Edit Here is a modified argument, applying to continuous metrics (and not resorting to the exponential map) even when one wants to control the induced distance on the neighborhood, rather than its length metric.

Let $g$ be any continuous Riemannian metric on $M$ and fix $p\in M$. Consider any chart $\varphi: B\to M$ where $B$ is the unit Euclidean ball, such that $\varphi(0)=p$. Compare the metrics $g$ and $\tilde g:=\varphi_* g_0$ (where $g_0$ is the Euclidean metric) on the image $D:=\varphi(\frac12 B)$ of the ball of radius $1/2$. Since both are continuous (here we need the chart to be $C^1$, but not more), there are $k,K$ such that $k\tilde g\le g \le K\tilde g$ on the closure of $D$.

Denote by $\ell(\gamma)$ the length of a curve $\gamma$ on $D$ with respect to the metric $g$, and $\tilde\ell(\gamma)$ its length with respect to the metric $\tilde g$. Then the formula for length of curves immediately gives $$ k\tilde\ell(\gamma) \le \ell(\gamma)\le K\tilde\ell(\gamma).$$ By taking the infimum, we obtain that the length metrics induced by $g$ and $\tilde g$ on $D$ are bi-Lipschitz.

Now, there is a small enough $r>0$ such that $k(1-2r)\ge 2K r$; consider the smaller Euclidean ball $rB$ and its image $D_r:=\varphi(rB)\subset D$. I claim that the restriction to $D_r$ of the length metric of $(M,g)$ is bi-Lipschitz to the length metric induced on $D_r$ by $\tilde g$.

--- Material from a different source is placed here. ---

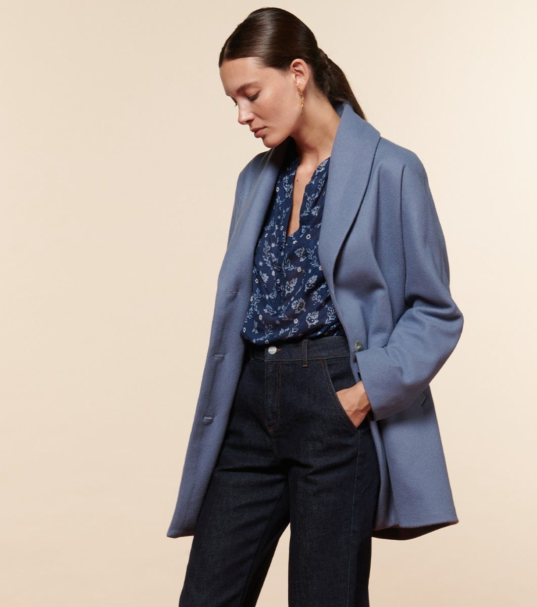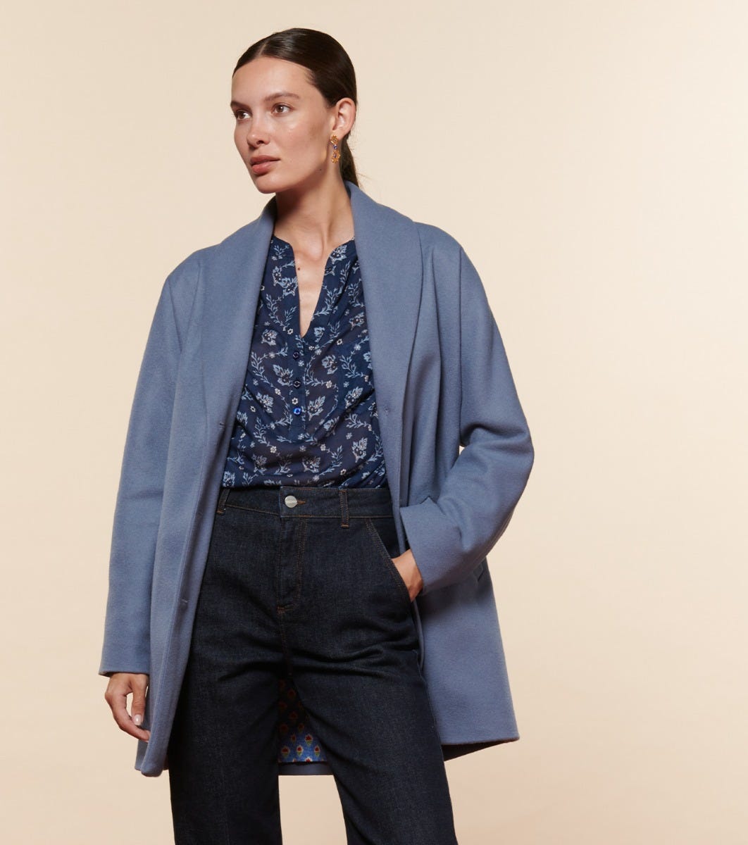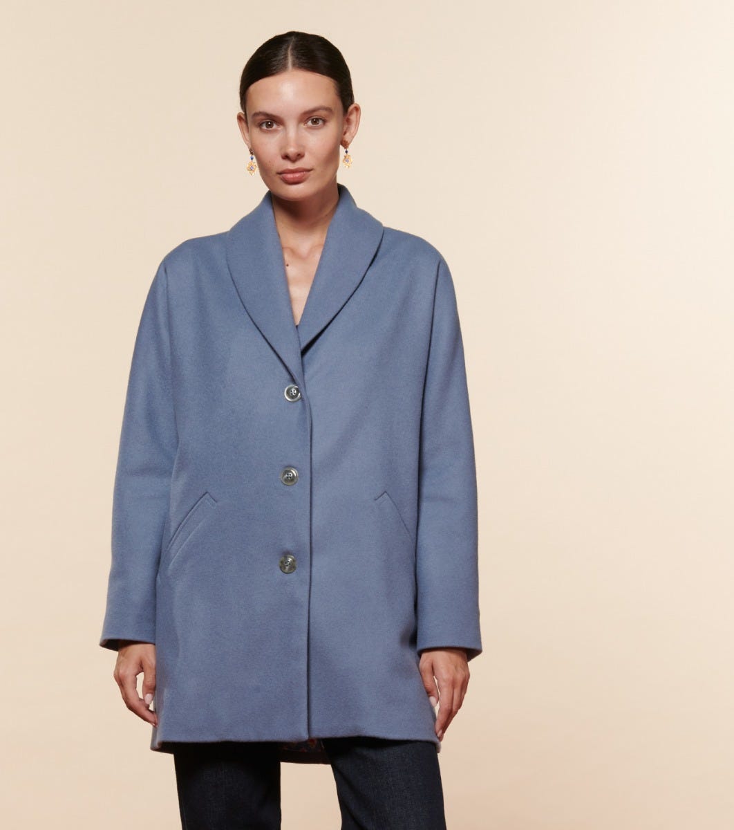 - Loose-fitting mid-length coat

The only thing to check is that we can restrict to curves on $D$, i.e. that given $x,y\in D_r$, there is no curve $\gamma$ on $M$ between them which is shorter than $\ell(\tilde\gamma)$, where $\tilde\gamma$ is the $\tilde g$ geodesic from $x$ to $y$ (which is the $\varphi$-image of a Euclidean segment). If there where, the curve could not stay in $D$, so that $\gamma$ would cross twice the annulus $D\setminus D_r$. Its $\tilde g$ length would be at least $1-2r$, hence its $g$ length would be at least $$k(1-2r)\ge 2Kr\ge K\tilde\ell(\tilde\gamma)\ge \ell(\tilde \gamma)$$ and we are done.

Of course, by compactness of $M$, one can take the constants $k$ and $K$ uniform over $M$. For a non-compact $M$, the above still holds non-uniformly.


The previous argument

Cover your manifold with finitely many charts $(\varphi_i)$ defined on Euclidean balls $(B_i)$, such that the images of the balls with half radius $(\frac12 B_i)$ still cover $M$. Each point has $D_i:=\varphi(\frac12 B_i)$ as a neighborhood. Compare for that chart $\varphi_i$ the metric $g$ on $\varphi_i(B_i)$ and the pushforward of the Euclidean metric, $\tilde g=\varphi_*g_0$. This second metric is isometric to a Euclidean ball by definition.

Since both metrics are smooth (in fact we only need them to be continuous, as mentioned by Deane Yang), there are constants $k$ and $K$ such that $k\tilde g\le g \le K\tilde g$ on the closure of $D_i$ (here is why we took balls of half radius, to use compactness).

Denote by $\ell(\gamma)$ the length of a curve $\gamma$ on $D_i$ with respect to the metric $g$, and $\tilde\ell(\gamma)$ its length with respect to the metric $\tilde g$. Then the formula for length of curves immediately gives $$ k\tilde\ell(\gamma) \le \ell(\gamma)\le K\tilde\ell(\gamma)$$ and passing to the infimum, you get that $\varphi$ is bi-Lipschitz (in fact, all of this is a lengthy spelling-out of the fact that diffeomorphisms between Riemannian manifolds are always locally Lipschitz!)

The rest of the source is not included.